In this work, gum acacia (GA)/poly(Sodium acrylate) semi-interpenetrating polymer networks (Semi-IPN) have been fabricated via free radical initiated aqueous polymerization of monomer Sodium acrylate (SA) in the presence of dissolved Gum acacia (GA), using N,N'-methylenebisacrylamide (MB) as cross-linker and potassium persulphate (KPS) as initiator. The semi-IPNs, synthesized, were characterized by various techniques such as X-ray diffraction (XRD), thermo gravimetric analysis (TGA) and Fourier transform infrared (FTIR) spectroscopy. The dynamic water uptake behavior of semi-IPNs was investigated and the data were interpreted by various kinetic models. The equilibrium swelling data were used to evaluate various network parameters. The semi-IPNs were used as template for the in situ preparation of silver nanoparticles using extract of Syzygium aromaticum (clove). The formation of silver nanoparticles was confirmed by surface plasmon resonance (SPR), XRD and transmission electron microscopy (TEM). Finally, the antibacterial activity of GA/poly(SA)/silver nanocomposites was tested against E. coli.

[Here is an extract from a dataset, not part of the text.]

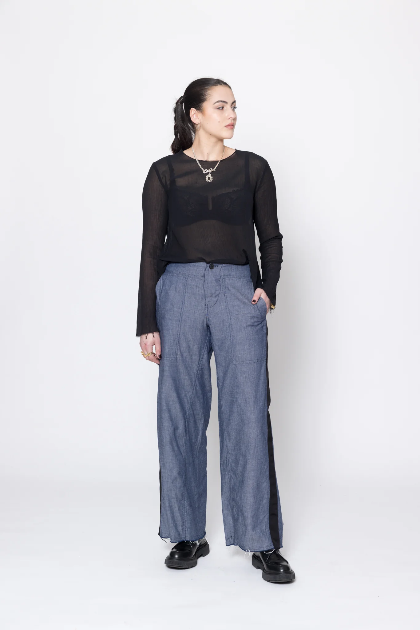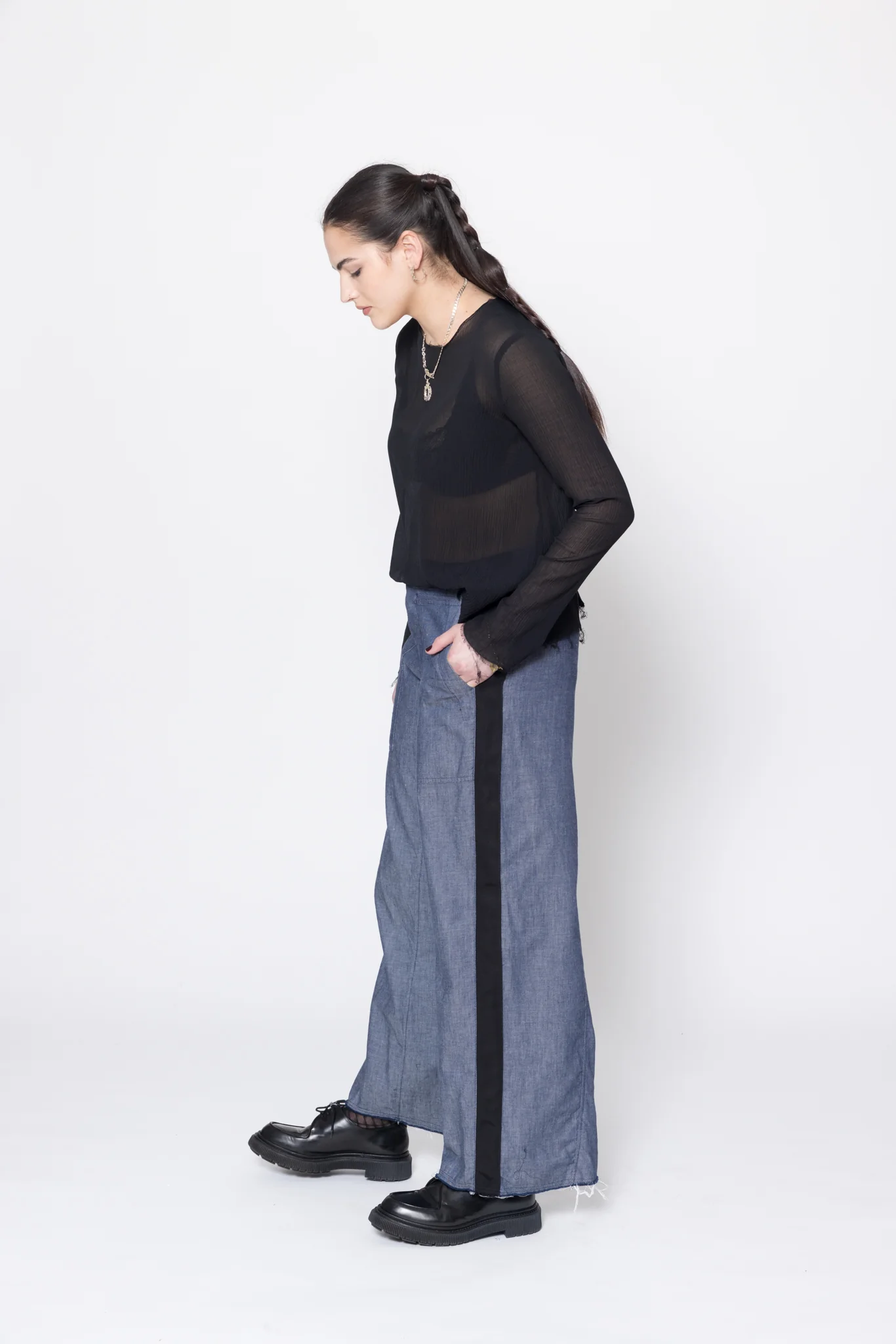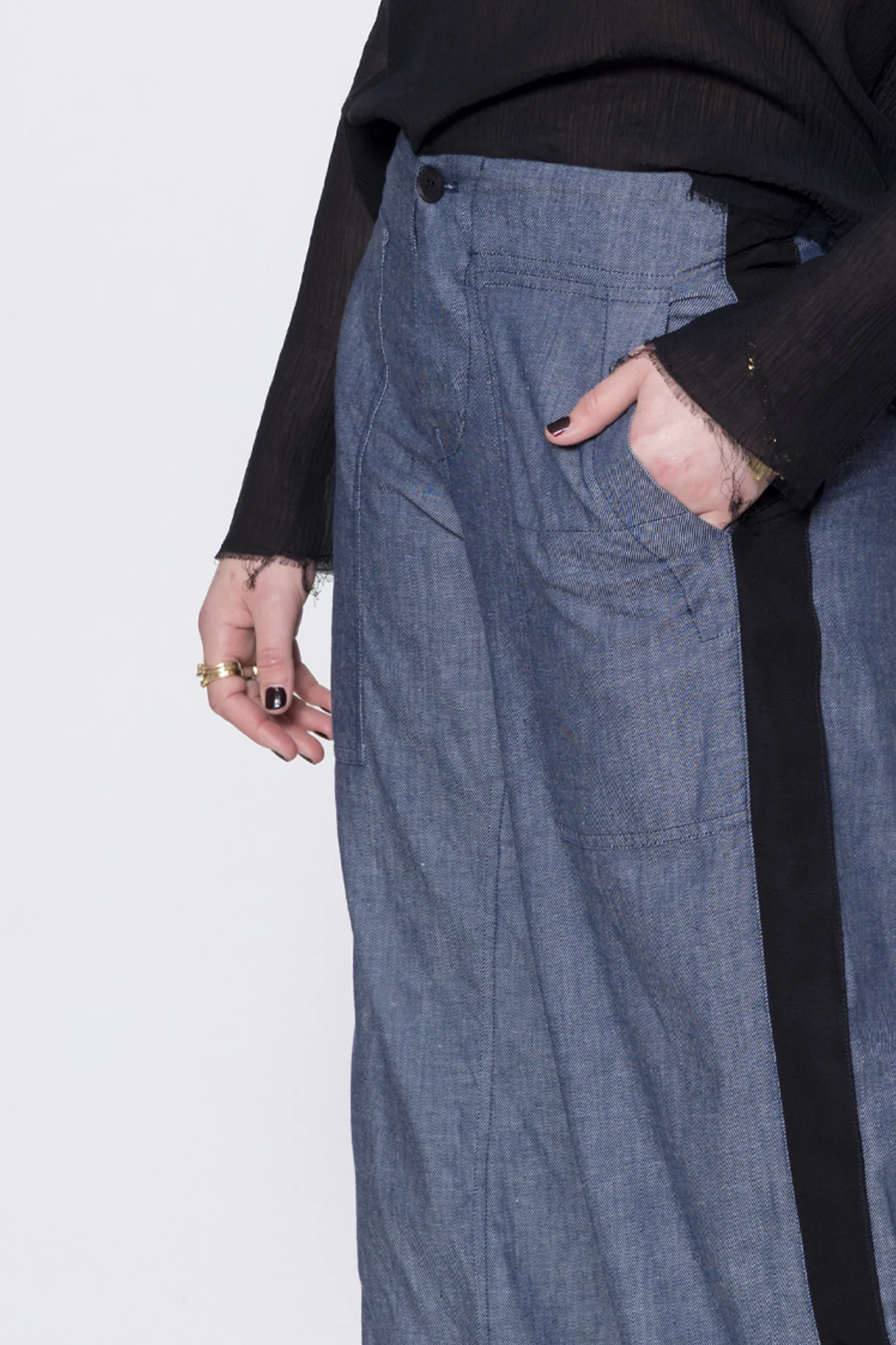 Wide leg, mid to low rise pants in a light cotton denim, designed for a relaxed fit. Fitted through the hip with button fly, featuring side patch pockets, wide grosgrain down side leg and raw hem. Great casual or dressy pants, worn with Antagonist Tee.

Formation and destruction of hydrogen bonds in gels and in aqueous solutions of N-isopropylacrylamide and Sodium acrylate observed by ATR-FTIR spectroscopy

J Colloid Interface Sci 2007 Aug 1;312(1):14-20.PMID:17547921DOI:10.1016/j.jcis.2006.07.046.

In this paper, the formation and destruction of hydrogen bonds in gels and in aqueous solutions of N-isopropylacrylamide (NIPA) and Sodium acrylate (SA) were studied using Fourier transform infrared (FTIR) spectroscopy with attenuated total reflection (ATR). Aqueous solutions of NIPA and SA monomers with different pHs were prepared, and the ATR-FTIR spectra were obtained immediately after preparing the solution and after having been stored at room temperature for 6 months. It was found that the IR spectra evidently changed after 6 months due to polymerization, and the viscosity of a solution in the lowest pH system increased with time and finally the solution became a gel. The detailed analysis of the IR spectra indicated that the network of the gel was formed by the formation of hydrogen bonds (without crosslinker). Moreover, this physical gel exhibited the re-swelling transition by increasing the pH of solvent. The transition was caused by the destruction of hydrogen bonds due to the dissociation of carboxyl groups, which was also confirmed by the IR spectroscopy.